Comic Strip of the Day

CSotD: State of Disunion

Prc160625
Start with the personal one: Carmen is bailing out on her newspaper job over at Prickly City, and it's clear that Scott Stantis knows the current state of the industry.

When I told my boss I was quitting my job at a chain-owned daily, back in 2006, he congratulated me on my escape to a personally-owned community biweekly. He, unfortunately, had a mortgage and a wife with a job in that town and two kids still in high school, so the notion of bailing out and heading for the Maine woods was, for him, only a dream. 

However, within a few months of my departure, he was awarded the cardboard box and, when I called him to commiserate, was no more surprised by the event than I was to have heard about it.

Ours, as I've said before, is one of the few industries where you can run into an old colleague and say "So, are you still working?" without seeming rude.

I do remember the days when it was a shock.

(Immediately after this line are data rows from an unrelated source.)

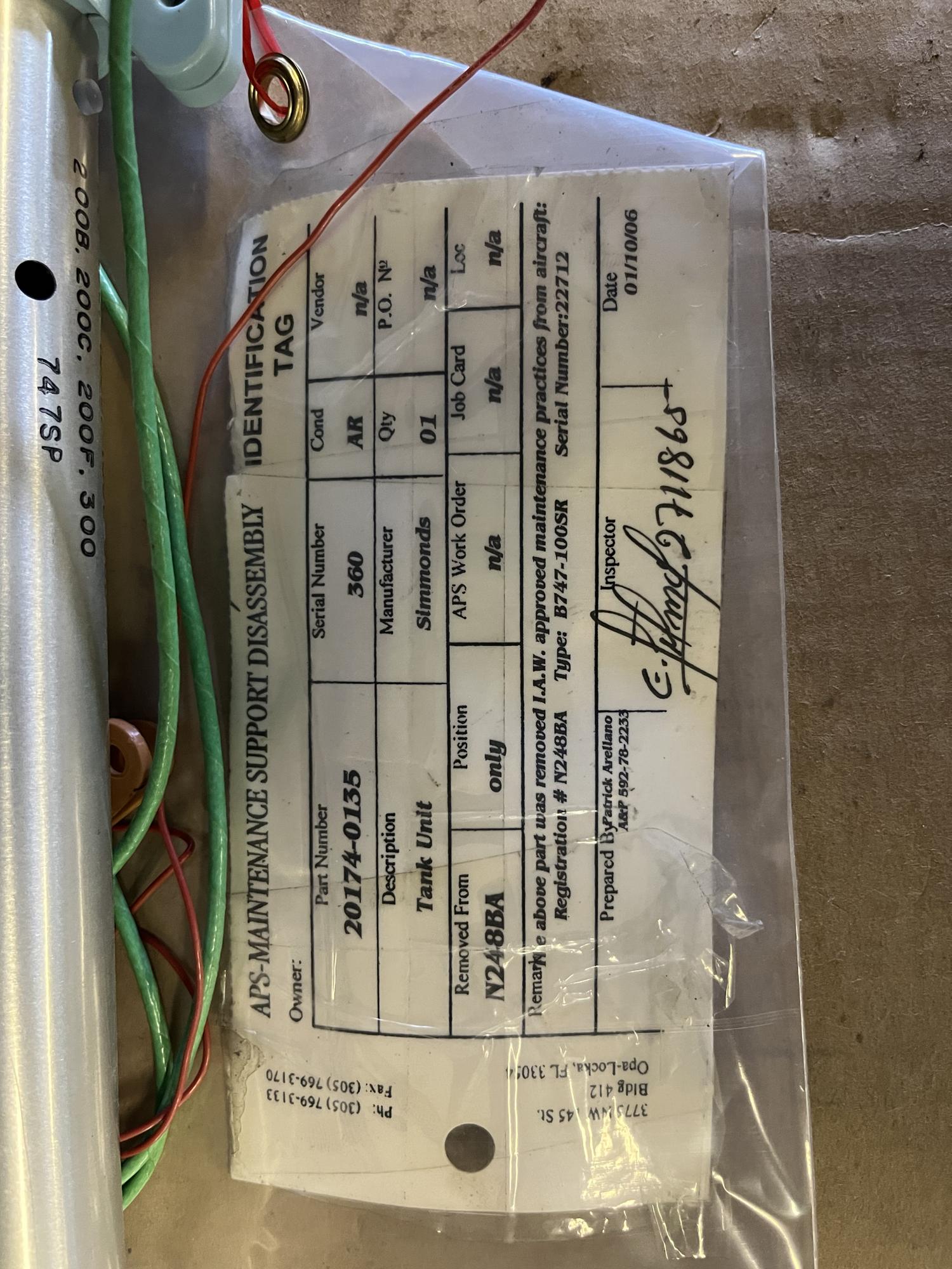 266 | 20174-0135 | 360 | TANK UNIT | 1 | AR | B747 | A22712 | SID01669 | View |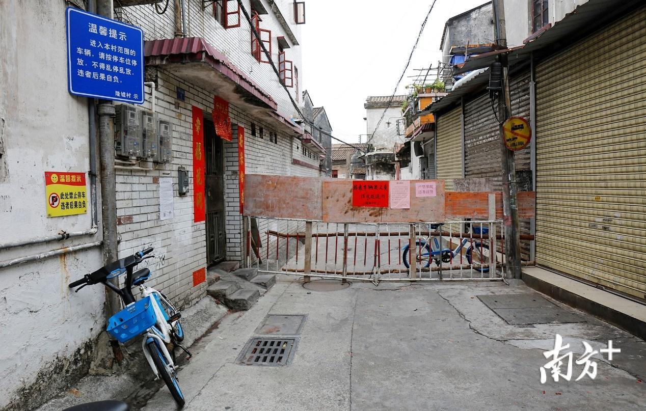 东区槎桥村旱坑正街已暂时被封闭,除了铁架,共享单车也成为了封路的工具。
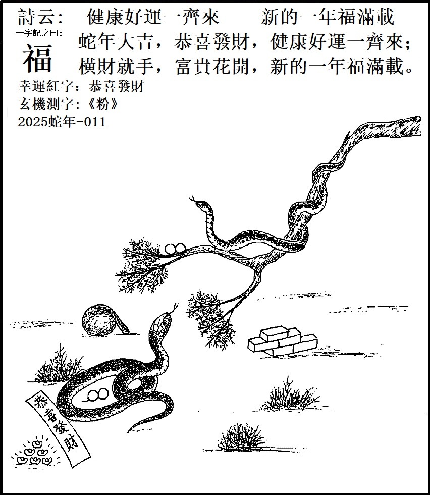 蛇年大吉,恭喜發財,健康好運一齊來;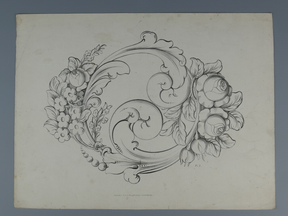 Litho, voorstellende ranken met bloemen, circa 1870
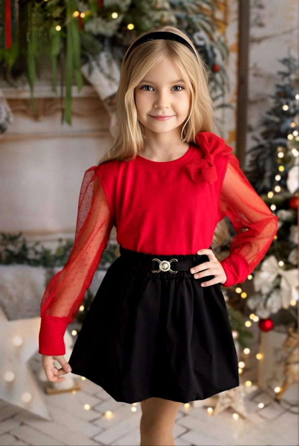 Červené tričko s tylovým rukávom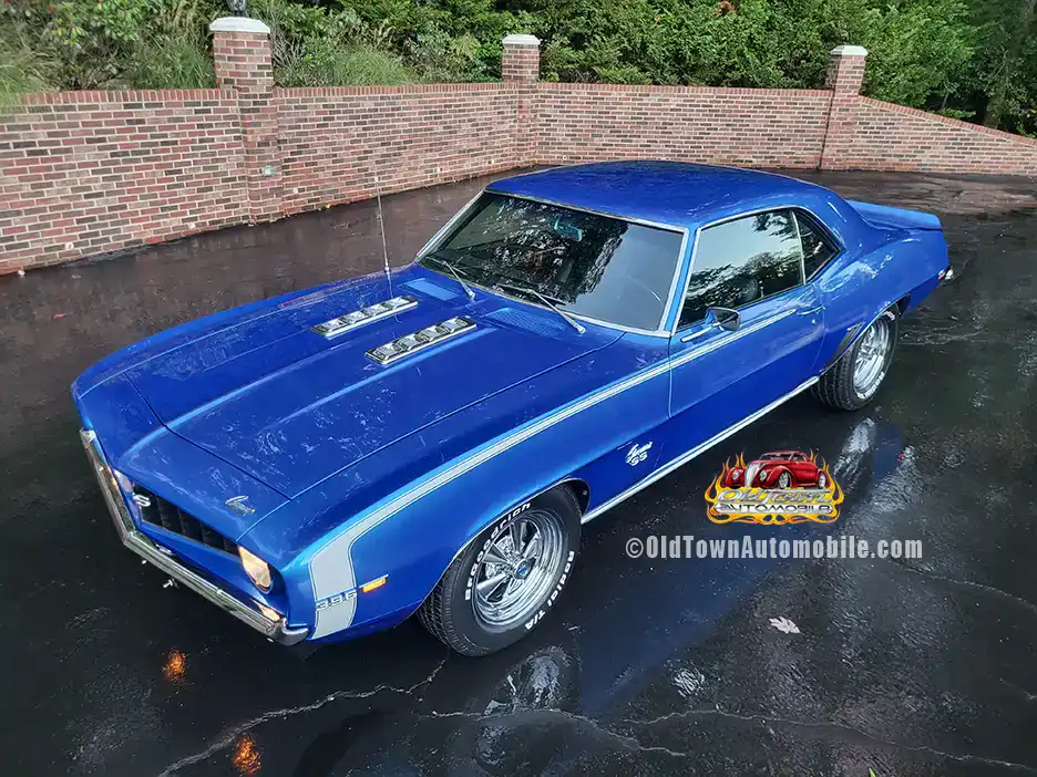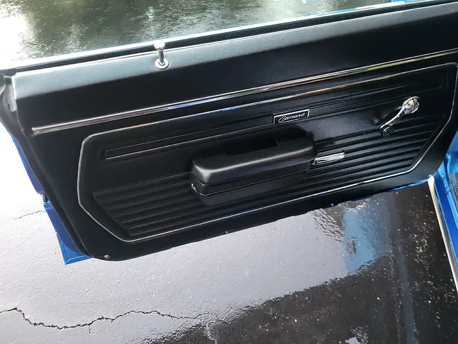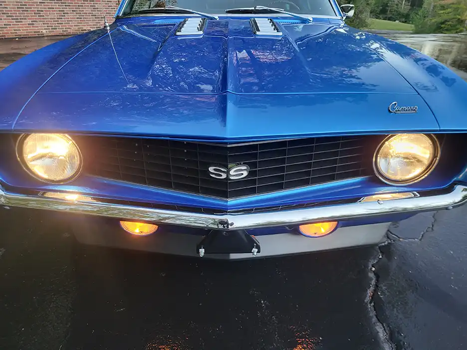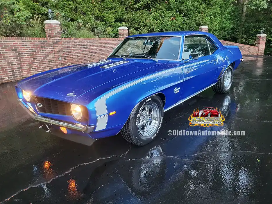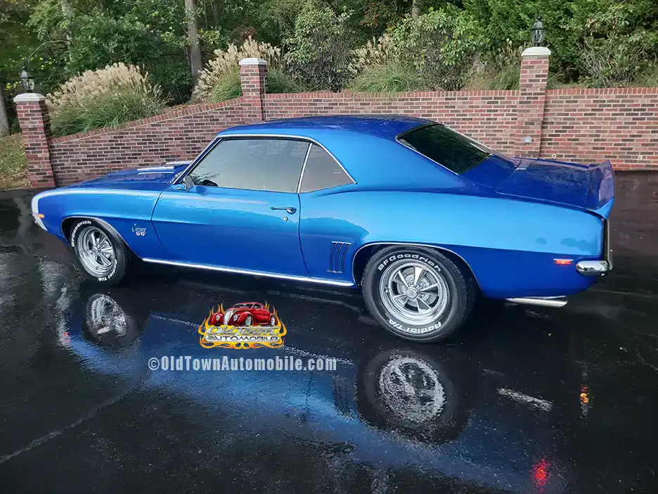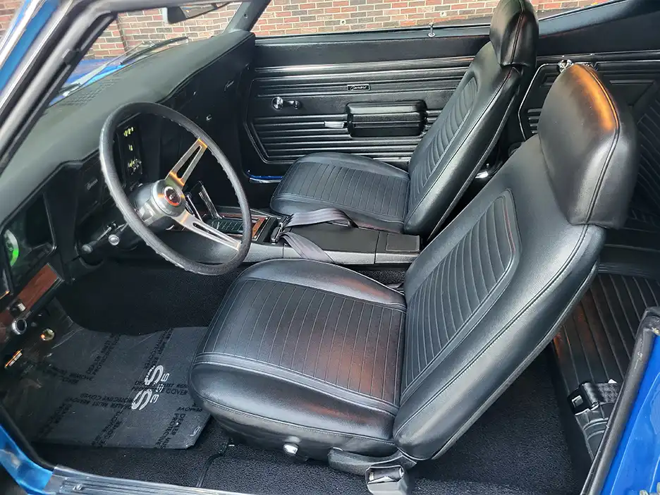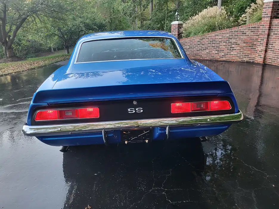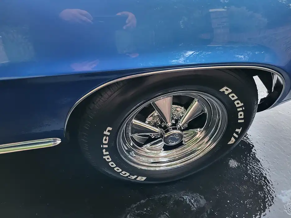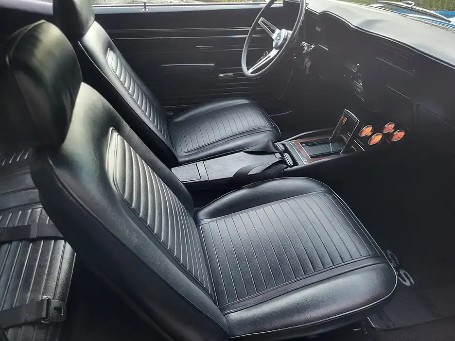Fresh rotisserie restoration, straight, rust-free body and floors, show quality custom Lemans Blue paint, all new chrome and stainless, NOM 396/350hp engine, turbo 350 automatic transmission, 12 bolt 3.55 gear rear, power steering, power disc brakes, headers with dual exhaust and Flowmaster mufflers, new Cragar wheels and tires, all new stock interior, bucket seats, console, factory tachometer, gauges, tilt wheel, Retro Radio, Vintage heat and air conditioning, car runs out great.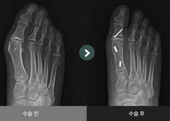 - 수술 후 통증이 심하고, 교정된 뼈의 강도가 약해 추가적인 금속핀, 나사 고정 및 이를 제거하기 위한 2차 수술이 필요했습니다.

A few years earlier, a productive, award-winning, nationally-recognized colleague at the Daily News had been called into the boss's office and while she was in there being told she was being fired, they cut off her phone and deleted her email account, then frog-marched her out of the building without even handing her the cardboard box.

I'm not sure how she retrieved her personal belongings but suspect she had a suddenly-former colleague fetch them for her. 

However, by the time I abandoned the creeping meatball, there was a whole routine worked out, and all they needed was an old crone sitting in the HR office knitting and cackling as she watched.

These days, I don't know a lot of people who have been through the exercise who didn't emerge at the other end relieved to be out and happier in their new positions, which is sad because, until the stock-swappers and beancounters took over, newspaper work was a total blast.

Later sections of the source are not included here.